Following the first three vehicle registrations, from July 2017 to January 2018 Apple has registered 24 more Lexus RX450h sports utility vehicles in California as part of its self-driving tests. The company is believed to be "accelerating" efforts to catch up to one of the current leaders in the self-driving field, Alphabet's Waymo.
Work on the "Apple Car" began circulating in rumors from early 2015, when reports of "Project Titan" emerged and pointed towards upwards of 1,000 employees working on developing an electric vehicle at a secret location near the company's Cupertino headquarters. Over time, the project pivoted away from Apple constructing a vehicle of its own to the development of a self-driving software system, which CEO Tim Cook confirmed last summer.
We're focusing on autonomous systems," Cook said in an interview on Bloomberg Television. "It's a core technology that we view as very important."Now, Apple is said to be gearing up to compete with Waymo and its self-driving tests, which have currently expanded into six states, encompassing 600 minivans in Phoenix, Arizona alone and now open up to public applicants.

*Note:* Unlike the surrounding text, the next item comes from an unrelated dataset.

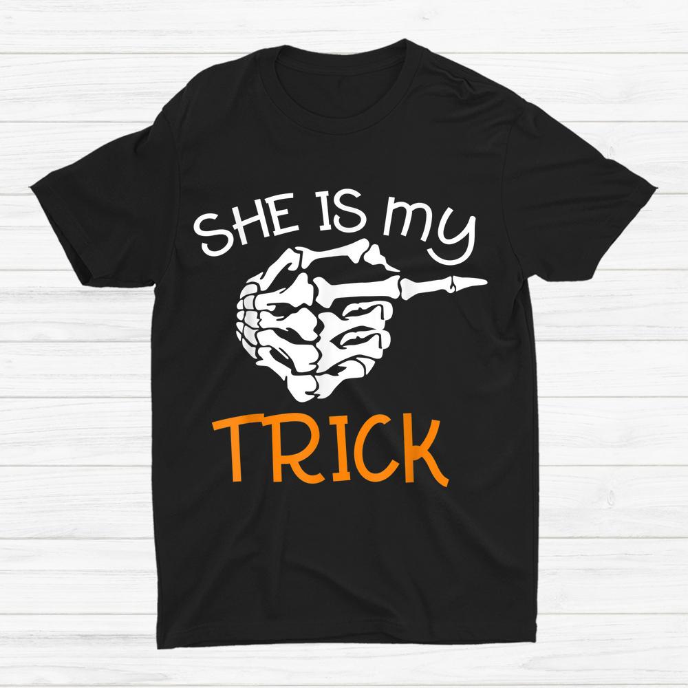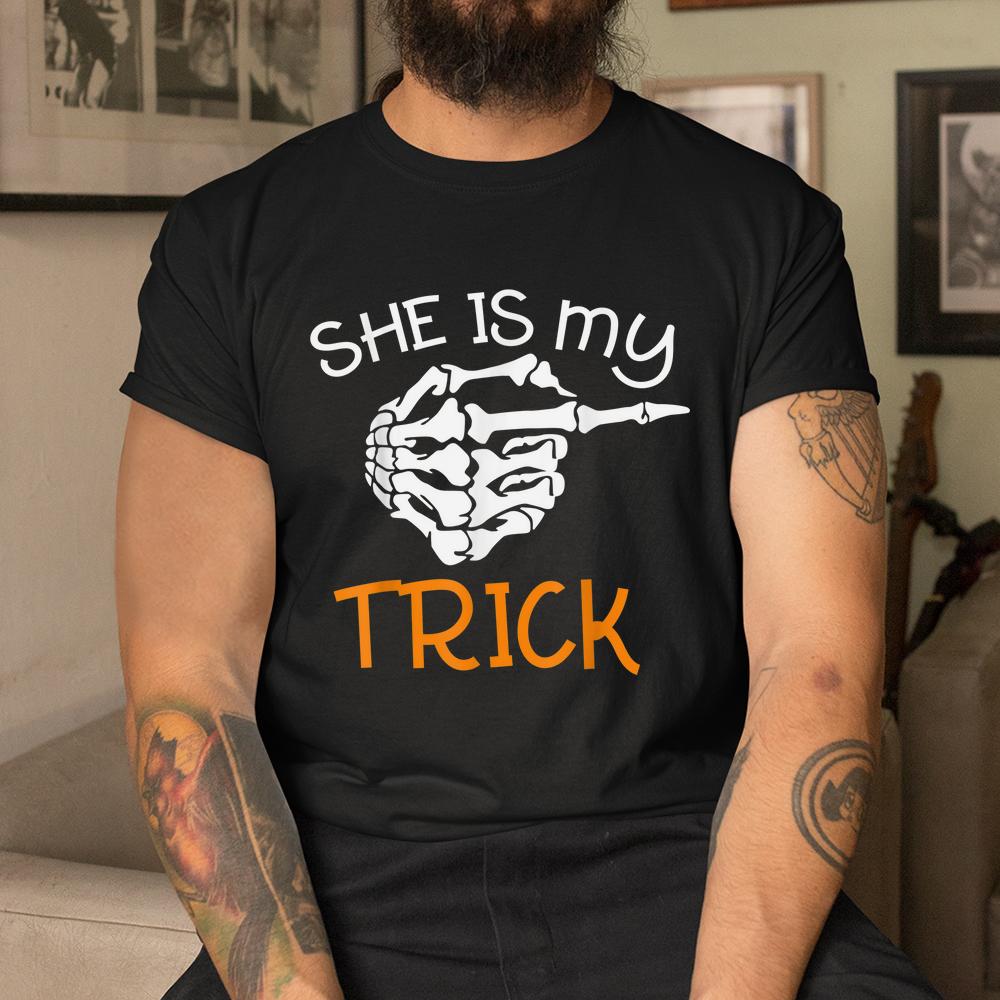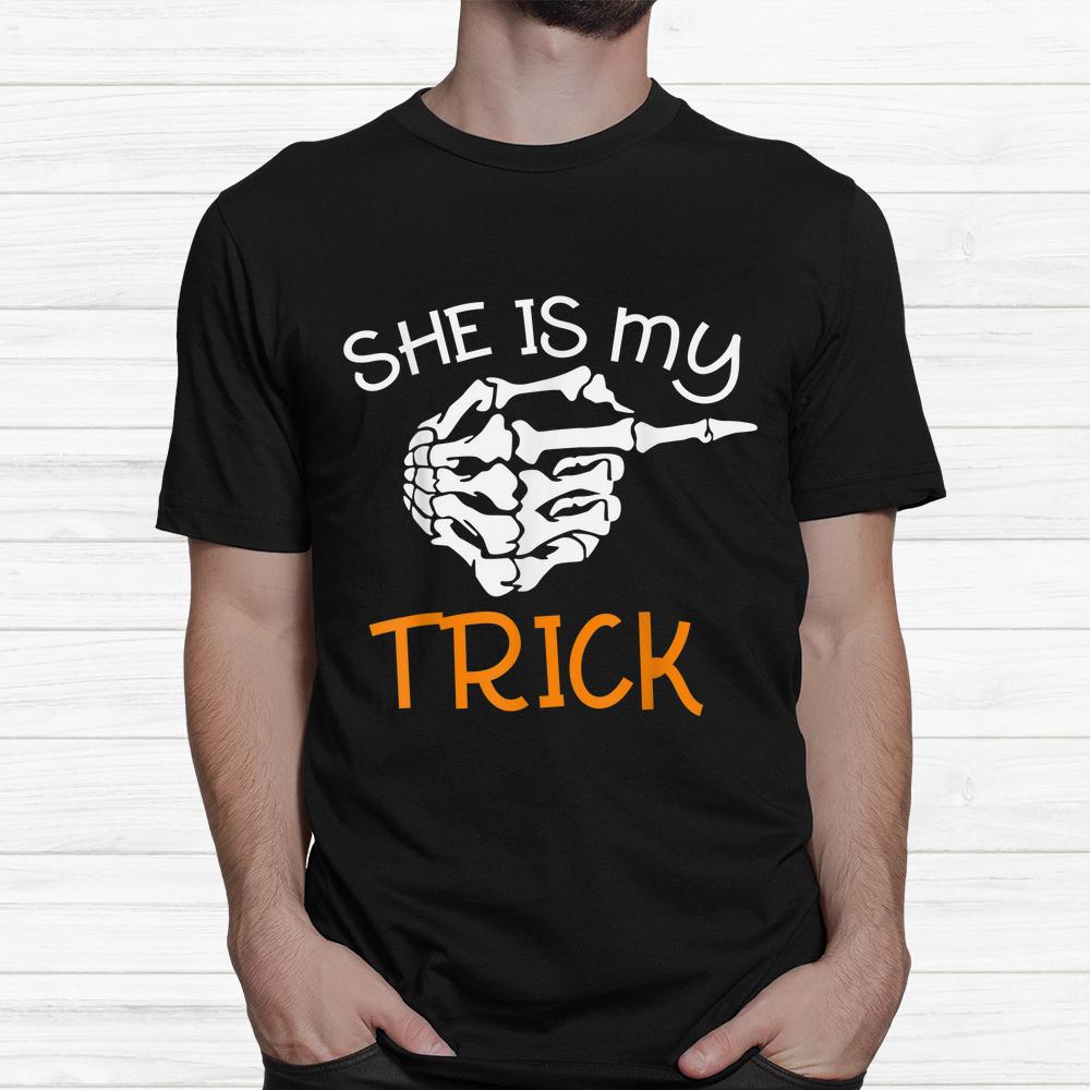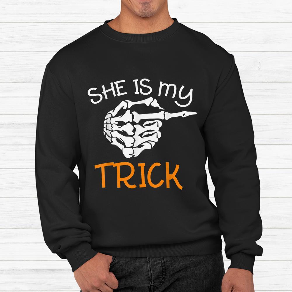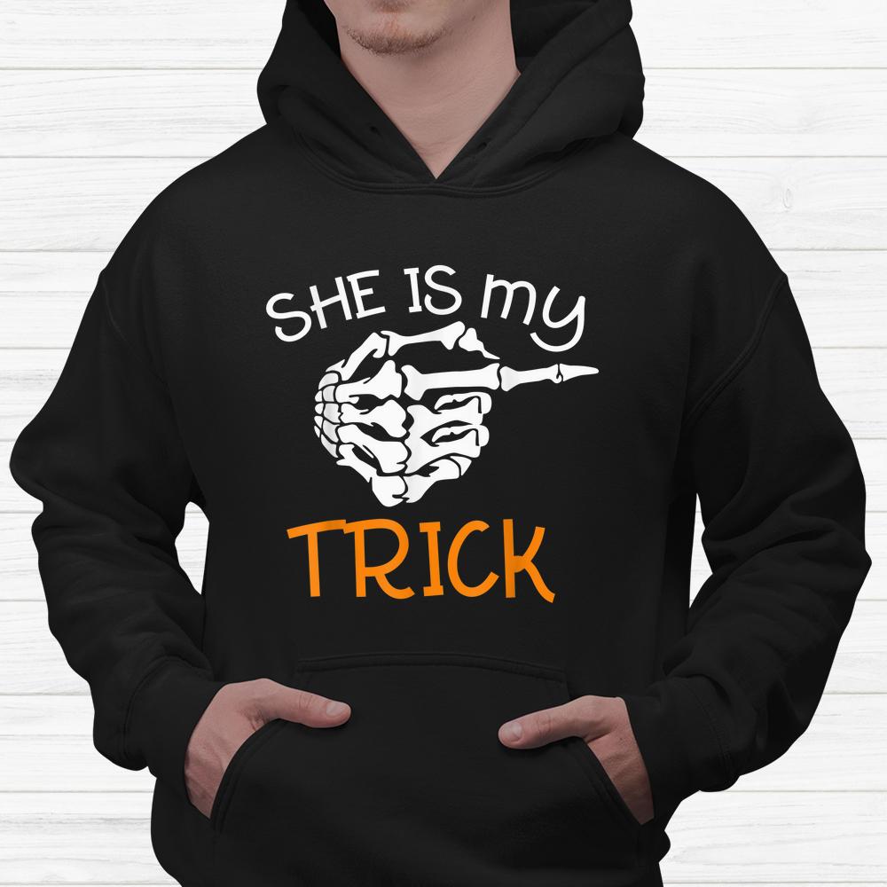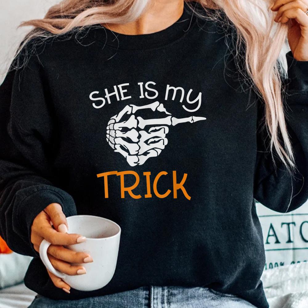 Shes My Trick Halloween Night Costume Skeleton Finger Shirt, hoodie, sweatshirt, long sleeve and ladies T-shirt

Waymo partnered with Lyft last year to begin building a ride-hailing service that aims "to bring autonomous vehicle technology into the mainstream," and then began testing such a service without a safety driver "or any human at all" behind the steering wheel.
"We sort of see it as the mother of all AI projects," Cook said in his most detailed comments to date on Apple's plans in the car space. "It's probably one of the most difficult AI projects actually to work on."